Now ya got me going here...for later anyways.. 

Went to new TSC store, Tractor Supply Co., and picked up a full size dump truck. Also one more log truck. It is a nice looking KW unit. Will save it for a large MOW hi-railer...!!! 

Thanks Paul...Merry Christmas.. 

Dirk


----------



## SD90WLMT (Feb 16, 2010)

I could add that at sales pricing of 30% off... 

They were easy to buy. 

Dump truck $10.50 
Log truck $ 17.50 

D...


----------



## Martan (Feb 4, 2012)

How about this one? 1/25 bucket truck, die cast, $40. 
http://www.etgiftstore.com/national-grid-n060-detail.htm


----------



## SD90WLMT (Feb 16, 2010)

Thanks Martan, nice bucket truck.. 

... I bought one today!! 2 would be nicer .... :-} 

Dirk


----------



## Paul Burch (Jan 2, 2008)

This is what I'm thinking about. This one is H.O. http://www.ebay.com/itm/Bachmann-16904-HO-Scale-DCC-Hi-Rail-MOW-Truck-w-Lights-Crane-UP-Union-Pacific-/400632983810


----------



## Totalwrecker (Feb 26, 2009)

Boy I'd love an Americanised version of this instead!
When he boom is swung aroundand stored forward, the stack fits between the boom's girders.


----------



## todd55whit (Jan 2, 2008)

Paul I am thinking of doing an Airwire converter set up in a Davenport. Do you suggest 1 dcc decoder over another?


----------



## Paul Burch (Jan 2, 2008)

I ended up using one from Train Control Systems. No programing problems at all. Just pick one that has the current capacity that you need. I believe Tsunamis will work too. I had a H.O. decoder from Digitrax but could not get it to program through the convrtr. The convrtrs are so new that there really isn't much track record on them, I really think they have lots of potential for lower current projects. They are rated for 2.5 amps continuous output. A project using a Tsunami with sound would be fun.


----------



## SD90WLMT (Feb 16, 2010)

The bucket showed up today!! 

Like our cabooses, it has a onboard battery for lights. 
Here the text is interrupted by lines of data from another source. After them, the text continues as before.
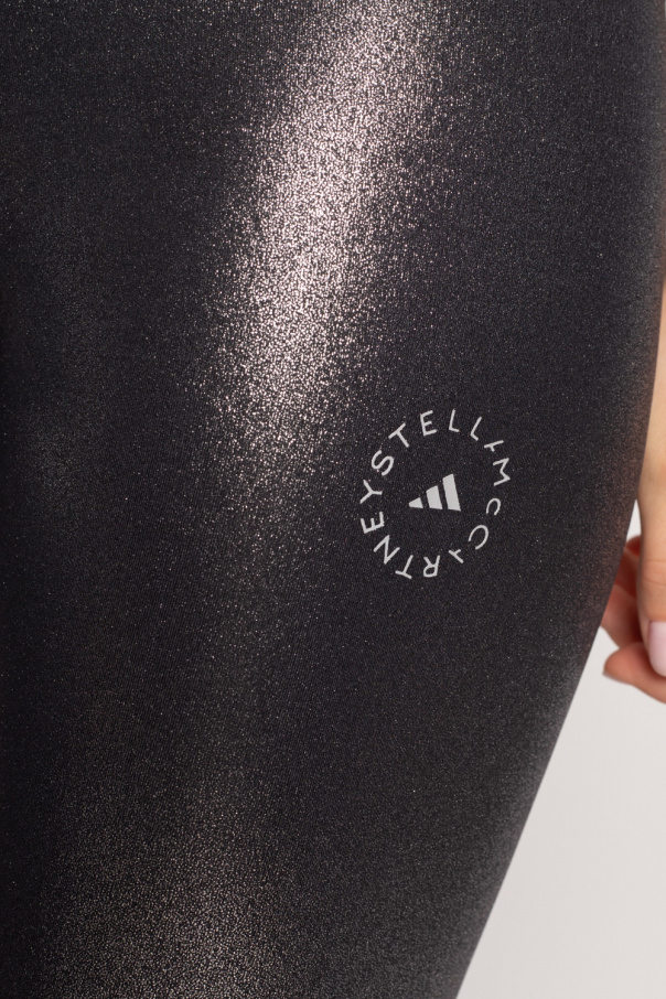 Silver-tone leggings from ADIDAS by Stella McCartney, the ‘Primegreen’ line. Crafted from moisture-absorbing AEROREADY fabric spruced up with glitter, this pair showcases an elasticated waistband and a white graphic logo print. The Primegreen line uses recycled materials in the production of high-quality products.
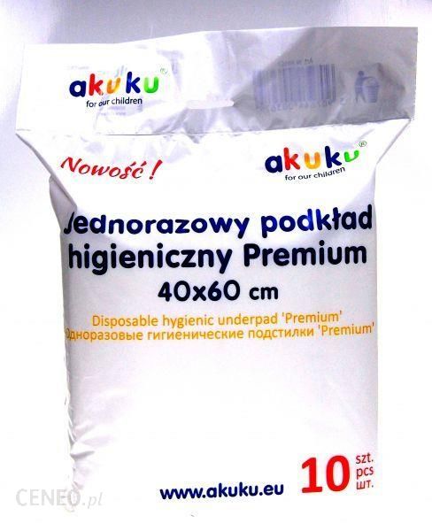 AKUKU JEDNORAZOWE PODKADY HIGIENICZNE PREMIUM 40×60 cmWskazania:Jednorazowe podkadu higieniczne Premium Akuku to niezwykle praktyczny wyrb, ktry mona stosowa podczas przewijania dzieci, do zabezpieczenia materaca, fotelika samochodowego czy wzka przed przemoczeniem. Doskonale sprawdza si rwnie przy pielgnacji osb obonie chorych, w przypadku osb z problemem nietrzymania moczu, kobiet w okresie poogu lub jako dodatkowa ochrona pocieli szpitalnych. Jest to produkt niezastpiony w przypadku opieki paliatywnej oraz domowej.Waciwoci:Akuku Podkady higieniczne Premium o wymiarach 40×60 cm to produkt jednorazowego uycia, ktry wykonany jest z omiu warstw (wknina – sze warstw bibuy – folia). Skutecznie zabezpiecza przed przesikaniem i jest odpowiedni do stosowania juz od 1. dnia ycia. Podkady jednorazowe Premium Akuku zapewniaj poczucie higieny i komfortu. Zastosowana w nich folia zewntrzna chroni przed zabrudzeniami, a wodoodporna warstwa izolacyjna znajdujca si na spodzie podkadu zapobiega przesikaniu pynw na materac/przewijak. Wewntrz podkadu zastosowano za superabsorbent, ktry szybko wchania wilgo oraz neutralizuje nieprzyjemne zapachy. Podkady charakteryzuj si wysok chonnoci 400 ml i dugim okresem przydatnoci a 60 m-cy. Celem zapewnienia higieny naley pamita o ich czstym zmienianiu.Opakowanie:10 sztuk
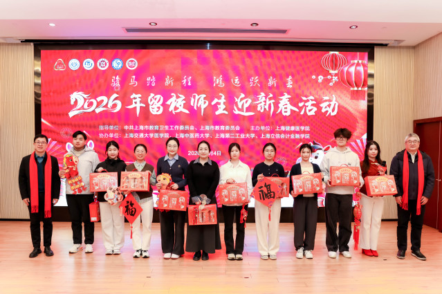 新岁序开,万象始新。恰逢在今年“立春”之日2月4日,由上海市教卫工作党委、上海市教育委员会指导,上海健康医学院主办的“骏马踏新程·鸿运跃新春”2026年师生迎新春活动在学校隆重举行。上海市教育委员会一级巡视员陈睦,校党委书记郭永瑾、校长吴韬,校党委副书记、副校长王庆华出席本次活动。上海交通大学医学院、上海中医药大学、上海第二工业大学、上海立信会计金融学院及我校师生代表共计200余人共贺新春佳节,共话校际发展。
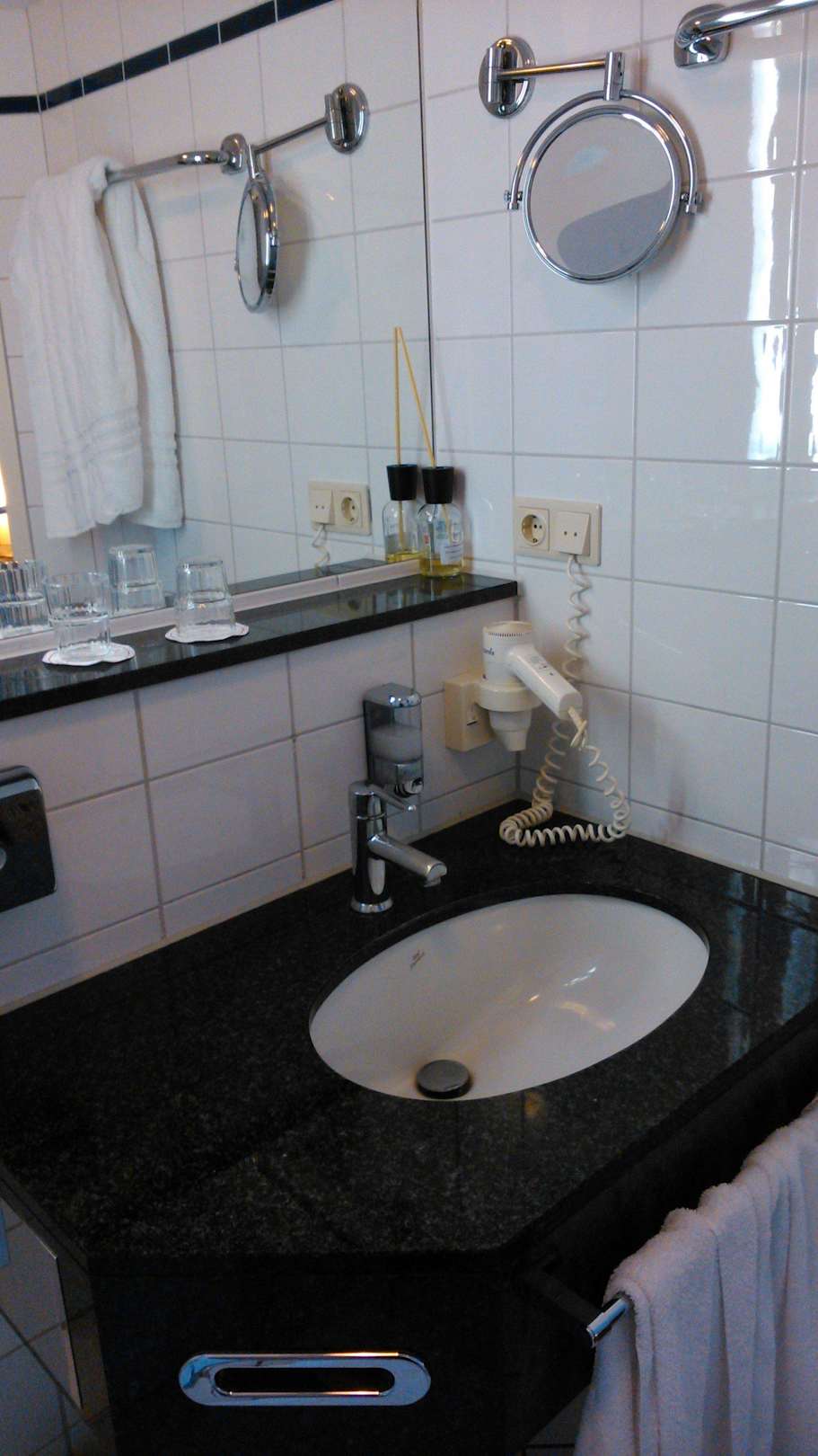 Waschbecken mit Vergrößerungsspiegel, Fön etc.
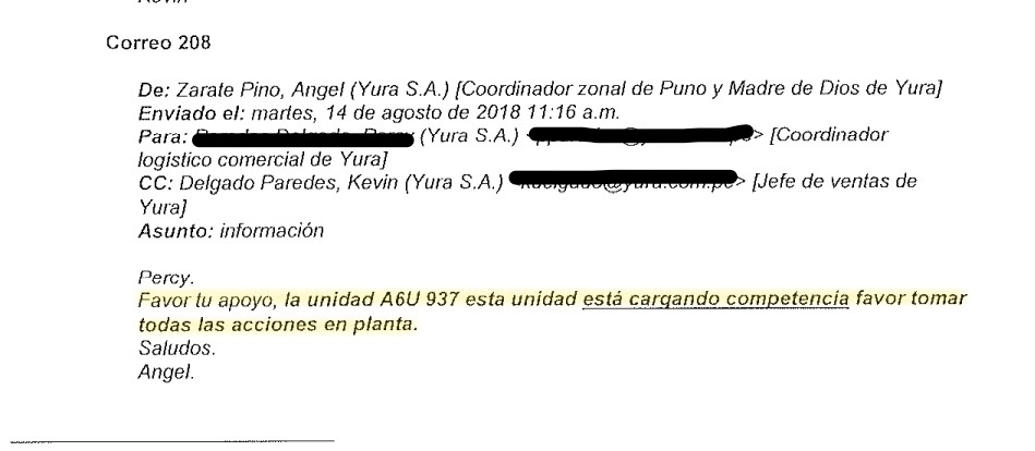 “La unidad A6U-*** está cargando competencia, favor tomen todas las acciones en planta”, escribió Angela Zarate Pinto, coordinadora de Puno y Madre de Dios, al coordinador logístico comercial, del 14 de agosto del 2018. “Evaluar la forma en que estos transportistas tengan el acceso restringido en nuestras plantas”, recomendó Alex Rivera Álvarez, coordinador logístico comercial de Yura, el jueves 22 de enero del 2015. Así Yura impidió que existan alternativas para los clientes y consumidores utilizando diversos medios para que se distribuyera cemento de la competencia.
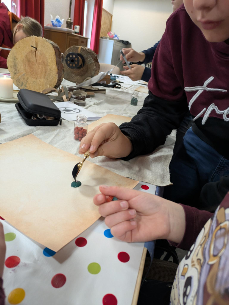 Wer ist schon einmal für einen Tag ins Mittelalter gereist? Die Kids haben dies im Kindergottesdienst am 19. Oktober getan, denn bis zum Reformationstag ist es nicht mehr lange. Abenteuergeschichten aus Martin Luthers spannenden Leben wurden erzählt, denn in Luthers Zeiten ging es rund in unserer Kirche. Das Besondere an diesem Kindergottesdienst war, dass die Kinder echte Siegel herstellen konnten, die die Briefe in der damaligen Zeit sicherten. So wurde Wachs gegossen und geprägt. Sogar die Ehrenamtlichen im KiGo-Team kamen in mittelalterlicher Kerkleidung und es war ein tolles Erlebnis, das niemand so schnell vergisst.
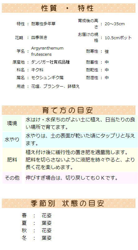 繊細な花ですがコンパクトかつボリュームがある花姿で、四季咲き性のあるマーガレットのシリーズです。

1. Headlights & taillights only 
2. All above, plus all yellow flashing safety lights 

Should be fun to see running.. 

Need to come up with a drive system and tiny drop wheels.. 

H.N.Y. All of ya!! 

Dirk


----------



## SD90WLMT (Feb 16, 2010)

Hi Paul, thought I'd venture back in here and ask a few questions regarding your little runner now that you have had it going for awhile...

How long does it last?

What other wheels could be used for the trailer..? Was pondering using BM pilot truck wheels - if not too large. 

I picked up one of these today, and am thinking about dual batteries, and twin trailers to carry them on..

Thanks - Dirk


----------



## jimtyp (Jan 2, 2008)

Paul, really nice looking. I'm interested in the cover you put over the batteries. It looks so realistic. How did you make it?


----------



## Paul Burch (Jan 2, 2008)

I made the tarp out of a piece of twill cloth. First I covered the battery with plastic food wrap to protect it. Then just fold the cloth over the battery and use a little thin CA glue to hold it. Just keep working around the battery and gluing until it looks the way you want and then trim the edges for final shape. Then just paint with some thined paint. The thinned paint should spread pretty even though out the cloth. I used a little Bragdon weathering powder to give it slight dirty look.


----------